请注意,类,所以如果你enlighten一个装饰器,用于装饰方法和类,然后在你想要分析的类的主体内写一个类 ,然后 methodsWithDecorator 将返回装饰的类以及装饰的方法。可以考虑这个特性,但是你可以通过检查装饰器的参数,即 .original 来轻松编写逻辑来忽略这些特性,以实现所需的语义。
How to get all methods of a given class A that are decorated with the @decorator2?
class A():
def method_a(self):
pass
@decorator1
def method_b(self, b):
pass
@decorator2
def method_c(self, t=5):
pass
Method 1: Basic registering decorator
I already answered this question here: Calling functions by array index in Python =)
Method 2: Sourcecode parsing
If you do not have control over the class definition, which is one interpretation of what you'd like to suppose, this is impossible (without code-reading-reflection), since for example the decorator could be a no-op decorator (like in my linked example) that merely returns the function unmodified. (Nevertheless if you allow yourself to wrap/redefine the decorators, see Method 3: Converting decorators to be "self-aware", then you will find an elegant solution)

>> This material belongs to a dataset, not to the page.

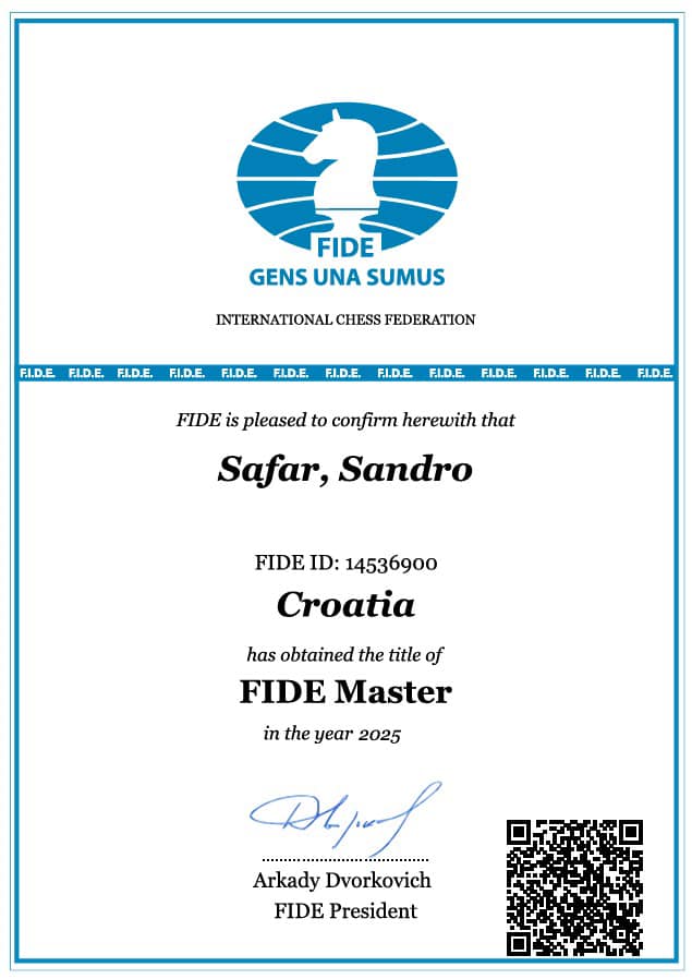 Nakon impresivne prošlogodišnje sezone i velikih uspjeha na Europskom prvenstvu, te 2 Ligi Centar, naš član Sandro Šafar je i službeno osvojio titulu FIDE majstora.

It is a terrible terrible hack, but you could use the inspect module to read the sourcecode itself, and parse it. This will not work in an interactive interpreter, because the inspect module will refuse to give sourcecode in interactive mode. However, below is a proof of concept.
#!/usr/bin/python3
import inspect
def deco(func):
return func
def deco2():
def wrapper(func):
pass
return wrapper
class Test(object):
@deco
def method(self):
pass
@deco2()
def method2(self):
pass
def methodsWithDecorator(cls, decoratorName):
sourcelines = inspect.getsourcelines(cls)[0]
for i,line in enumerate(sourcelines):
line = line.strip()
if line.split('(')[0].strip() == '@'+decoratorName: # leaving a bit out
nextLine = sourcelines[i+1]
name = nextLine.split('def')[1].split('(')[0].strip()
yield(name)
It works!:
>>> print(list( methodsWithDecorator(Test, 'deco') ))
['method']
Note that one has to pay attention to parsing and the python syntax, e.g. @deco and @deco(... are valid results, but @deco2 should not be returned if we merely ask for 'deco'. We notice that according to the official python syntax at http://docs.python.org/reference/compound_stmts.html decorators are as follows:
decorator ::= "@" dotted_name ["(" [argument_list [","]] ")"] NEWLINE
We breathe a sigh of relief at not having to deal with cases like @(deco). But note that this still doesn't really help you if you have really really complicated decorators, such as @getDecorator(...), e.g.
def getDecorator():
return deco
Thus, this best-that-you-can-do strategy of parsing code cannot detect cases like this. Though if you are using this method, what you're really after is what is written on top of the method in the definition, which in this case is getDecorator.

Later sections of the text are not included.